Bir
bahar sabahı, güneş ışınları her yanı yavaş yavaş aydınlatmaya başladı. Güneşin
doğmasıyla sular, parıldadı. Deredeki balıklar, zıplayarak mutlulukla yol aldı
suyun içinde. Deniz canlıları, suyun yüzeyine yaklaşarak ışınların verdiği
sıcaklığı duyumsadı. Toprak, gülümsedi yavaşça. Toprak örtüsünün altına saklanan
böcekler, kımıldayarak yüzeye çıktılar ürkeklikle. Her türden bitki,
yapraklarıyla selamladı güneşi.

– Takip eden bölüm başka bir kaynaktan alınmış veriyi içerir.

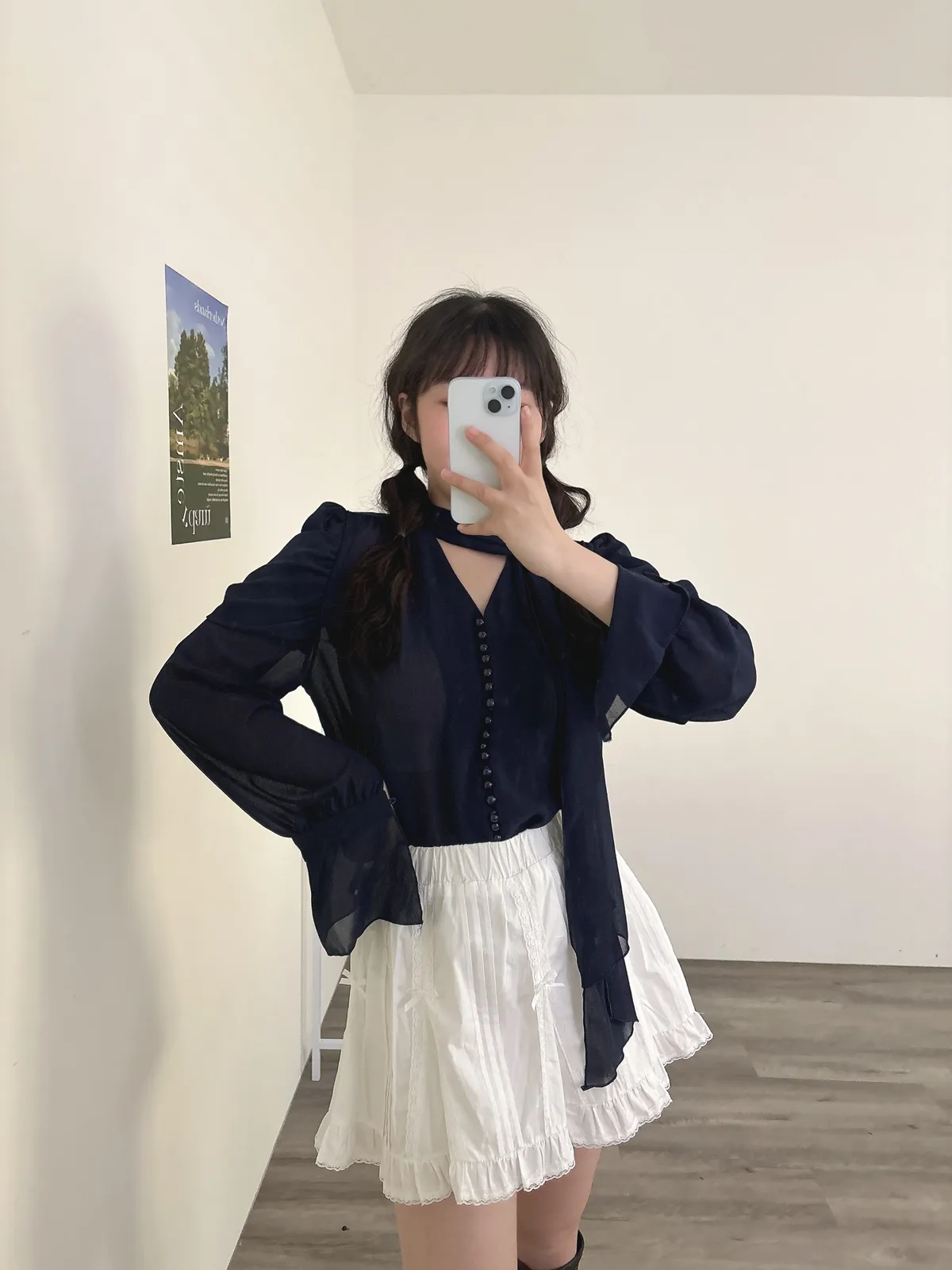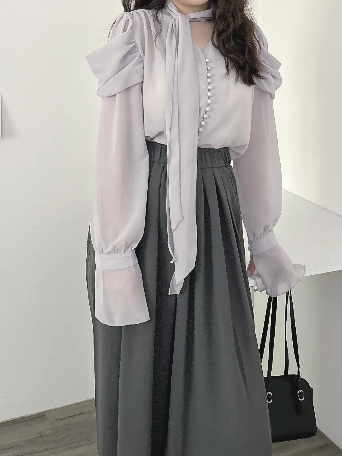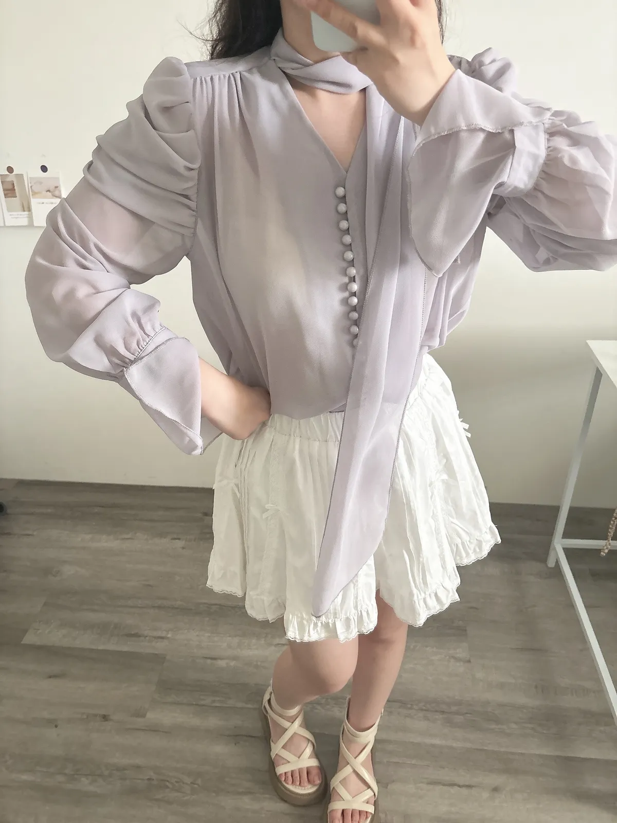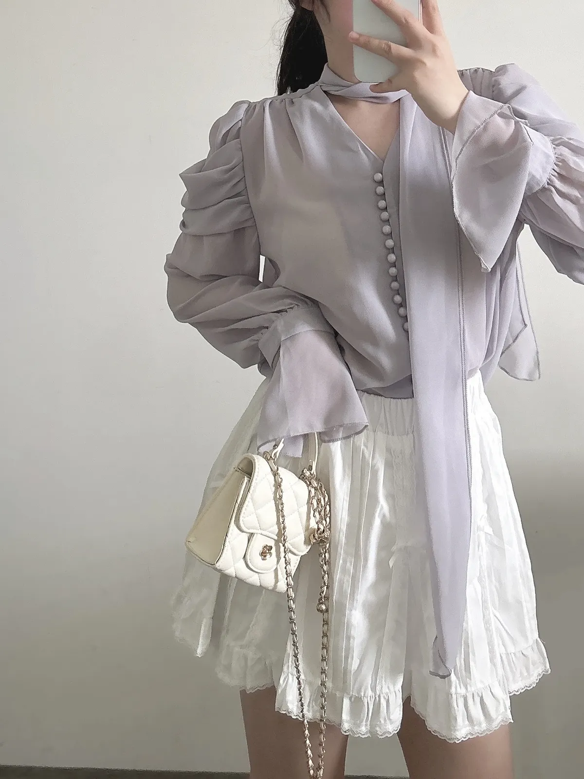 南法假日·飄帶設計喇叭袖襯衫

Hava, soluklandı gülümseyerek. Kuşlar havada
uçmaya başladı sevinçle. Hafif bir yel, havaya da toprağa da suya da ve onlarda
yaşam bulan tüm canlılara da sabah serinliğini üfledi.
Çocuk,
uçurtmasını salıverdi gökyüzüne. Yelin gücüyle uçurtma, ak bulutlara doğru
yükseldi. Uçurtmanın elinden kaçıp gitmemesi için ipini bileğine bağladı. Yel,
biraz hızlanınca çocuğun ayakları yerden kesilir gibi oldu. Havaya dönüp sordu:
“Beni uçurtup bulutların üstüne çıkarmazsın değil mi?”
Hava:
“İstersen seni uçurup alırım ak bulutların üstüne. Ancak inişin tehlikeli olur.”
dedi.
Çocuk:
“Sen, bana kötülük yapmazsın. Çünkü sen olmasan ben yaşayamam.” diyerek inledi.
Hava:
“Haklısın, ben sana kötülük yapmam. Sen, benim gücümle bulutlara çıkarsın; ancak
aşağıya düşmen yerçekimiyle olur. Bu da sana zarar verebilir.” diye iç geçirdi.
Çocuk:
“Sen olmazsan yaşam olmaz.”
Hava,
tam da ağzını açıp bir şey diyecekti ki diyemedi. Karşıdaki fabrikanın bacasından
kapkara dumanlar çıkınca birden derinden öksürdü, boğulur gibi oldu. Sonrasında
döndü çocuğa: “Görüyorsun değil mi? Doğaya yaşam veren ben, fabrikanın zehirle dolu
dumanından neredeyse soluk alamayacaktım, soluk alamaz oldum bir an.”
Çocuk:
“Evet fark ettim dumandan çok rahatsız olduğunuzu. Öksürüğünüzle esen yel birden
çoğaldı.”
Aşağıdan
deniz, hafifçe dalgalanıp kıyıda şıp şıp diye sesler çıkardı. Dalgalar; su
yüzeyindeki karpuz kabuklarını, kâğıt parçalarını, plastik şişeleri, dal kırıklarını,
araba lastiklerini, ambalaj kâğıtlarını ve çok fark edilemeyen küçük cisimleri
kumsala doğru götürdü. Kumsalın rengi değişti birden.
Denizdeki
sular dile gelip döndü çocuğa: “İnsanlar ellerine ne geçerse her şeyi, benim
içime atıyorlar. Bir de akarsuların getirdiği çöpler var her gün. Ayrıca şehir
kanalizasyonunu da salıveriyorlar derin yerlerime doğru. Bir de havayı boğulacak
gibi yapan fabrika var ya, kimyasal maddelerle dolu atık sularını yandaki dereye
boşaltıyor. Deredeki su, çok geçmeden bana kavuşuyor.” diyerek dert yandı.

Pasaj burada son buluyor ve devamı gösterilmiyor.